The high levels of lactose tolerance in Basque which have high levels of Y-DNA R1b1b2, that is absent in close neighbors to the Basque with high levels of R1b1b2, is particularly vexing because it makes scenarios suggested by the absence of a West Asian autosomal component such as Basque being representative of an early Neolithic background and other Europeans having an additional trace of a later wave of IE or proto-IE migration in the autosomal mix harder to grok.

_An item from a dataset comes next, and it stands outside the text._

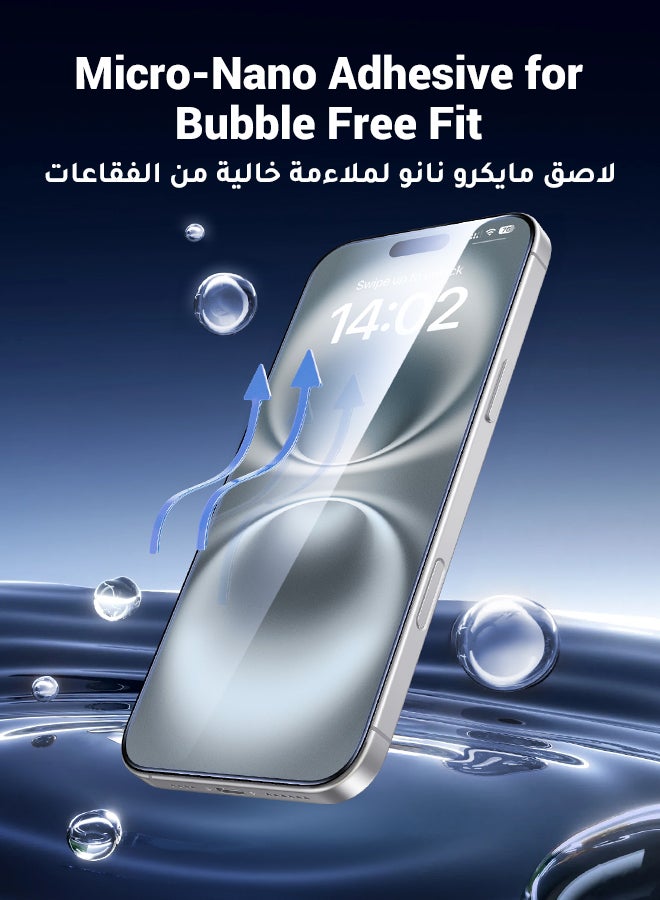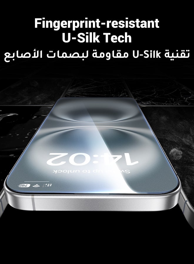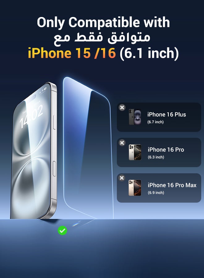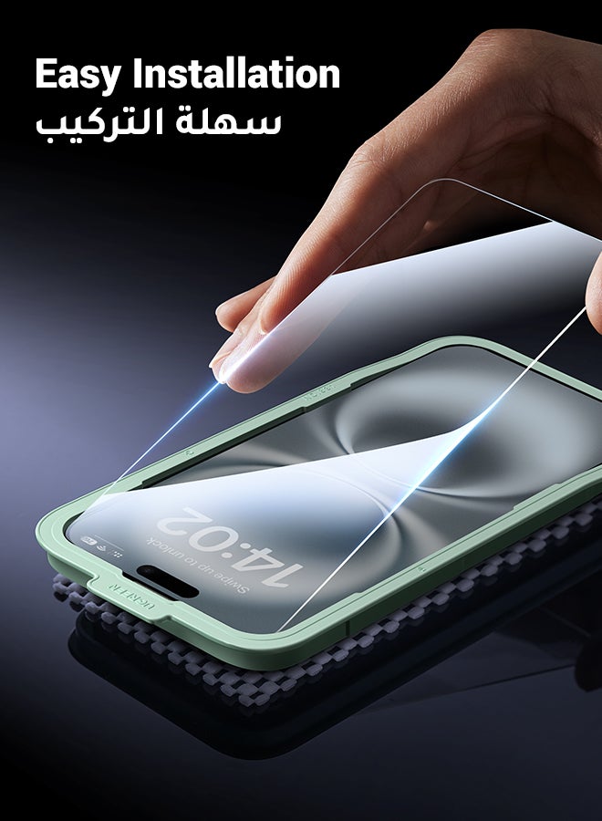 قطعتان من واقي الشاشة عالي الدقة لهاتف آيفون 16 15 مقاس 6.1 بوصة شفاف, إطار سهل التركيب, حماية عسكرية, مقاوم للخدش ومضاد لبصمات الأصابع وخالٍ من الفقاعات وطبقة زجاجية مقواة 9H لهاتف آيفون 16 15 شفاف

In an Old European wave (including any admixture in of Paleolithic layers) plus non-Basque IE wave model, you'd expect the non-IE people to be lactose intolerant and the IE people to be lactose tolerant. Instead, we see the reverse, which requires a more complex scenario. We need waves of Old European lactose intolerants, Basque lactose tolerants, and then an IE wave, in that order. Further, the mtDNA, at least, seems to suggest that there is more Basque admixture in of pre-Neolithic populations (e.g. represented in U5b and V mtDNA hgs) than some of their IE neighbors, which is particularly hard to fathom given the sequencing. One needs to have pre-Neolithic retreating to refugium for one reason in the face of Old European Neolithics, followed by Basque in migrations moving in for some other reason (other ecological niches are full, or they are kicked out of somewhere else and muscle in). Dating this from archaeology isn't easy either because you have continuious human presence in the region from the Paleolithic and it is hard to make calls on cultural continuity v. discontinuity and to distinguish meme transfer from demic transfer.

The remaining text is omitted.